35. Kinan dan Ray

178 26 16
                                    

Kinan

Ups! Gambar ini tidak mengikuti Pedoman Konten kami. Untuk melanjutkan publikasi, hapuslah gambar ini atau unggah gambar lain.

Kinan

"Peraih nilai terbaik di Jurusan Science angkatan XI Russelia International High School. Peringkat pertama, Kinanthi Sekar Arumdani," ujar Kepala Sekolah.

Aku enggak bisa membendung air yang sudah menggumpal di sudut kedua mataku. Emma memelukku dengan erat. Dayana dari barisan kelasnya melambaikan tangan dan meneriakkan namaku. Bukan hanya Dayana, tapi Gamal juga. Dan ... Ray. Hatiku berdesir melihatnya. Dia memberikan dua jempolnya beserta senyuman yang hangat.

Tak lupa aku menoleh ke arah belakang, tepatnya ke deretan kursi wali murid. Mama melambaikan tangan sambil mengusap kedua matanya. Aku yakin Mama lebih heboh menangis dariku, sedangkan Papa hanya bertepuk tangan sambil memancarkan kebanggaan pada kedua matanya.

Aku berdoa supaya enggak jatuh saat menuju panggung, karena Mama menyuruhku untuk memakai high heels. Beruntung aku bisa negosiasi untuk masalah makeup supaya enggak terlalu tebal. Bisa-bisa aku dicemooh oleh Ray dan Gamal. Mereka akan menertawakanku sampai terpingkal-pingkal.

Pantas saja beberapa minggu yang lalu—sebelum wisuda kelulusan—Mrs. Shelly menyuruhku untuk menyiapkan pidato kelulusan.
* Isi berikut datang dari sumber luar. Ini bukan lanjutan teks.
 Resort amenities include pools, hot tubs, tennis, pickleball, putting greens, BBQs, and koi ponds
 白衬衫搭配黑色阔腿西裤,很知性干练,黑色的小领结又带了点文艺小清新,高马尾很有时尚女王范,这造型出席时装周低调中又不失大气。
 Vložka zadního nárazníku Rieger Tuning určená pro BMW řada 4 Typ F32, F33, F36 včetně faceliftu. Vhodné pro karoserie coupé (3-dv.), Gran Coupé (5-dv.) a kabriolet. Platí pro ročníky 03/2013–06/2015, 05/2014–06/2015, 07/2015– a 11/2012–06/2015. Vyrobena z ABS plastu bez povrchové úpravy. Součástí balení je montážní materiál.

Aku sudah latihan berkali-kali, tapi rasa gugup tiba-tiba menyergapku kala menatap audiens yang memenuhi aula sekolah dari atas podium.
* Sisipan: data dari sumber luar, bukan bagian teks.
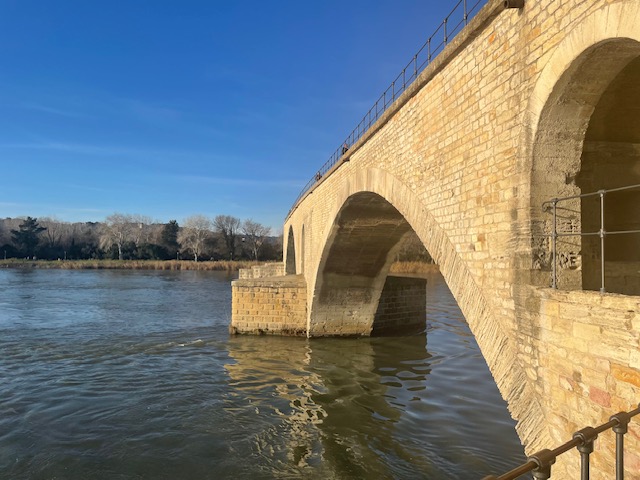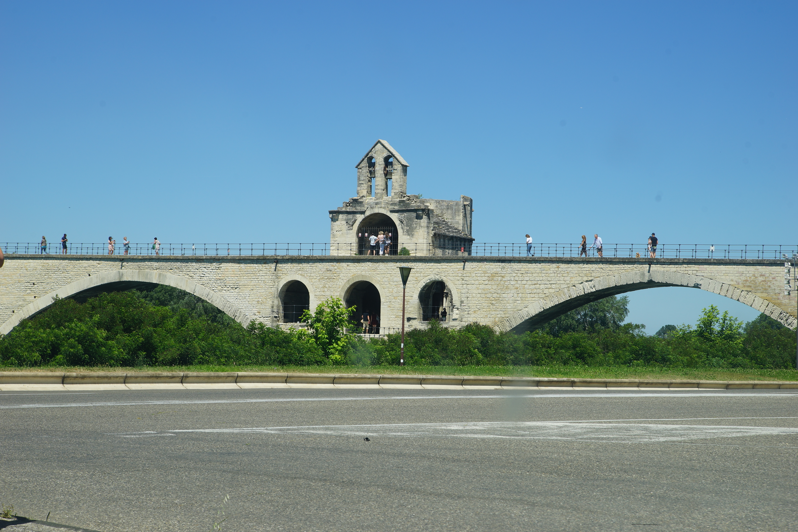 Ah le pont d’Avignon connu par sa chanson que tout le monde connaît. Il n’enjambe pas complètement le Rhône, à moitié seulement. A voir

Namun saat aku melihat Ray yang menatapku dan tersenyum kepadaku, keberanian di dalam diriku muncul kembali.

Tak lupa aku menaikkan daguku dan berbicara dengan lantang. Aku tahu jika aku akan mendapatkan sorakan dari teman-teman kala aku menyebutkan nama Ray setelah aku berterimakasih kepada Mama, Papa, dan para guru.

Aku bisa melalui hari-hari terakhir di sekolah dengan baik berkat Ray. Bahkan dia merelakan waktunya untuk menemaniku berkonsultasi ke psikiater kenalan Ustazah Nuri.
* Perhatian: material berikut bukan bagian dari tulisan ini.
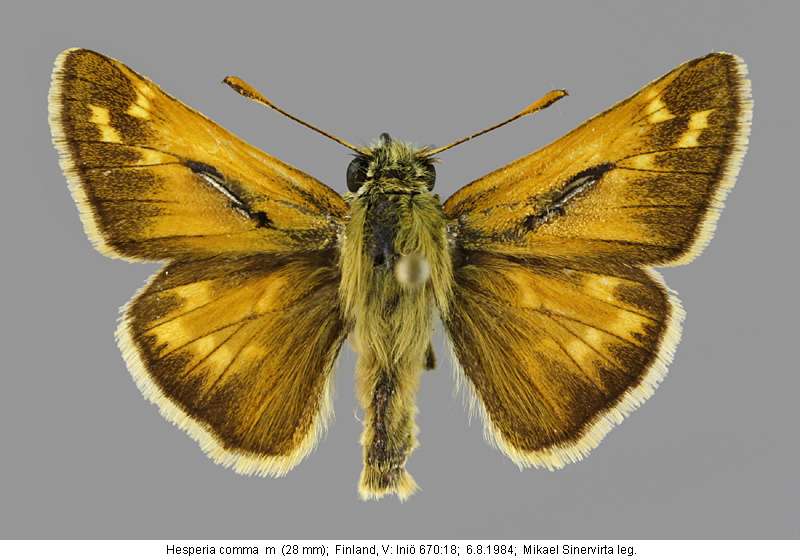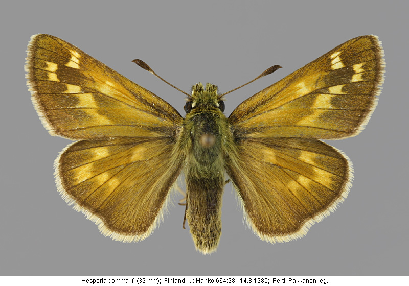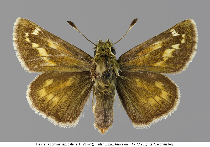 | Suomesta saaduiksi on ilmoitettu seuraavat muodot (alkuperäiset nimet): Hesperia comma var. catena Staud. - (Aro 1900). - takasiivet alta vahvemman viheriäiset, täplät valkeampia, mustareunaisia. - levinneisyysalueen koillisosissa, tavattu Venäjän Lapissa. (muotoa ei tunnettu vielä Suomesta). Augiades comma f.geogr. catena Stgr. - (Valle 1935). - vuoristomuoto, jota ei liene vielä tavattu meillä. - päämuotoa keskimäärin vähän pienempi. - päältä päämuotoa hiukan vaaleampi. - takasiivet alta voimakkaan vihreät, täplät puhtaan valkoiset, mustareunaiset. Hesperia comma ssp. catena - (Mannelin 1961). - kuvataulu 1, kuvat 27 ja 28. (yksilöt Ruotsin Lapista) Hesperia comma f. catena. - (Marttila et.al. 1990). - kuvataulu 2. Hesperia comma catena. - (Marttila 2005). - kuvataulu 1, kuvat 9Ba 9Bb 9Bc. | ||||||||||||||||||||||||||||||

Semenjak aku jujur kepada Mama dan Papa soal pelecehan yang dilakukan oleh Ibra, keduanya sempat bertengkar dan saling menyalahkan. Beruntung hal tersebut enggak berlangsung lama. Mama memanggil Tante Astri dan Ibra ke rumah. Papa membelaku mati-matian.

Ternyata Papa marah hanya karena terluka. Mana ada seorang ayah yang enggak terluka melihat anaknya dilecehkan? Meskipun peristiwa ini diselesaikan secara kekeluargaan, tapi hubungan Mama dan Tante Astri putus begitu saja.

Aku bisa menceritakan peristiwa tersebut kepada Ustazah Nuri berkat Ray. Menurut Ray, aku butuh wejangan spiritual, karena aku selalu menyalahkan diriku terus-menerus. Aku menyalahkan diriku yang membiarkan Ibra menjadi pacarku sehingga dia merasa bebas menyentuhku.

"Jangan terlalu menyalahkan diri kamu, Kinan. Ayo, kita sembuhkan luka bersama-sama ya, Kinan," ujar Ustazah Nuri kala itu.

Setelah itu Ustazah Nuri merekomendasikanku untuk berkonsultasi kepada psikiater kenalannya. Aku senang dengan Bu Sahara—psikiaterku—karena dia orang yang mempunyai kemampuan yang baik untuk memulihkan traumaku dan juga mendekatkanku dengan nilai-nilai spiritual.